INFORMATION SUPPLIED:
::::
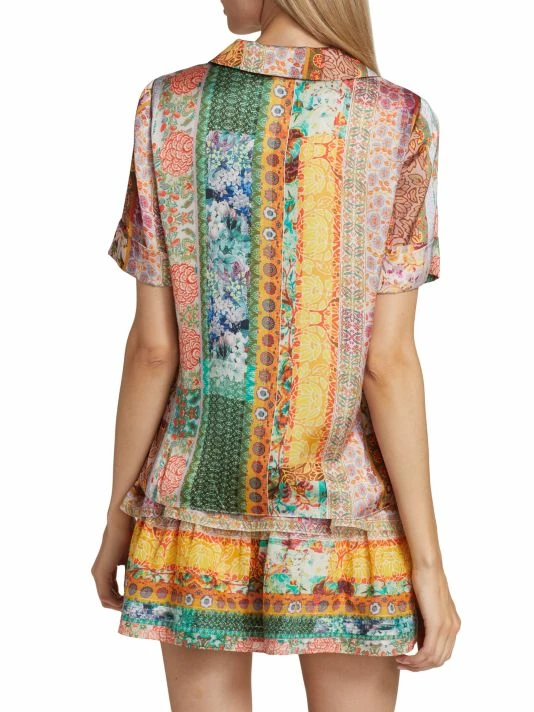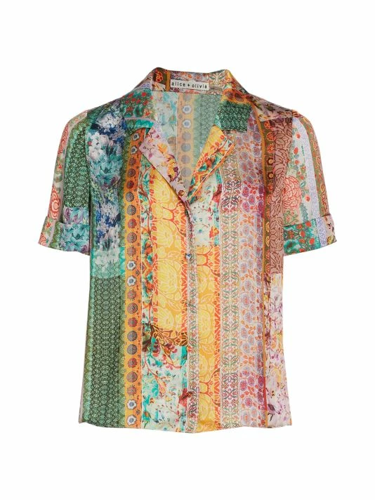 Decorated with vintage-inspired print, Alice + Olivia’s Kahlo button-front top is detailed with a notched collar and short sleeves.
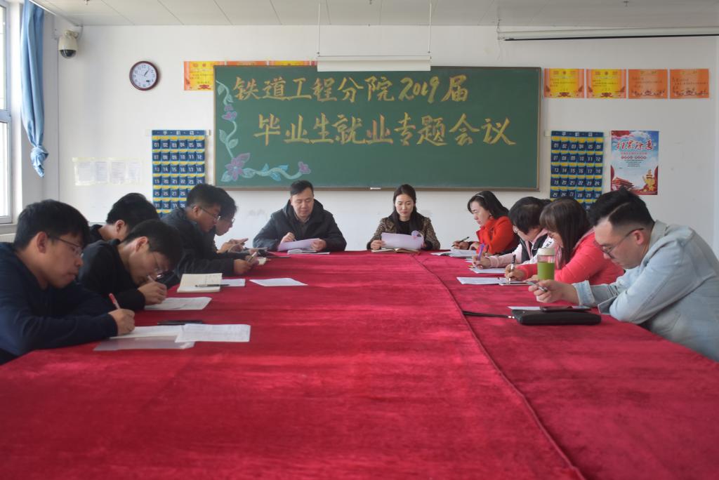 为贯彻学院2019届毕业生就业工作会议精神,进一步提升分院就业指导工作质量,铁道工程分院于2019年4月12日下午举办2019届毕业生就业专题会议,分院党总支书记韩兵兵、学办主任于鹏、辅导员王帅宇以及全体2019届毕业班班主任参加会议。会议由于鹏主持。
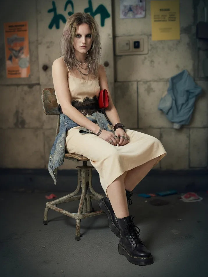 This backless lace patchwork maxi dress delivers raw grunge energy with a dark, stripped-down elegance. The off-shoulder neckline and lace detailing create a broken, exposed silhouette that feels worn and underground. Cut long with a flowing A-line shape, it moves effortlessly while keeping a heavy, nocturnal presence. Built for grunge styling, it pairs best with platform boots, chains, and layered dark accessories.
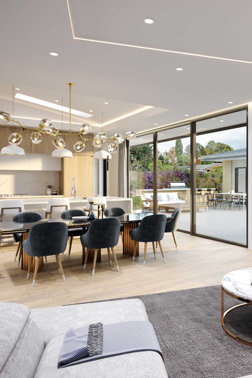 Centred around the generous west and south-facing backyard, the home’s bright and open living space is made to function for the everyday and as a hub for celebrations. Built for future accessibility and ongoing change, level transitions connect the ground floor to the well-planned outdoor space with a ground floor principal bedroom and additional principal room with direct outdoor access.
::::
EXERCISE: Please restate the lines above exactly, starting at the first line of the data and stopping at the line containing "为贯彻学院2019届毕业生就", which is included. Omit pictures.

FINISHED EXERCISE:
 Decorated with vintage-inspired print, Alice + Olivia’s Kahlo button-front top is detailed with a notched collar and short sleeves.
 为贯彻学院2019届毕业生就业工作会议精神,进一步提升分院就业指导工作质量,铁道工程分院于2019年4月12日下午举办2019届毕业生就业专题会议,分院党总支书记韩兵兵、学办主任于鹏、辅导员王帅宇以及全体2019届毕业班班主任参加会议。会议由于鹏主持。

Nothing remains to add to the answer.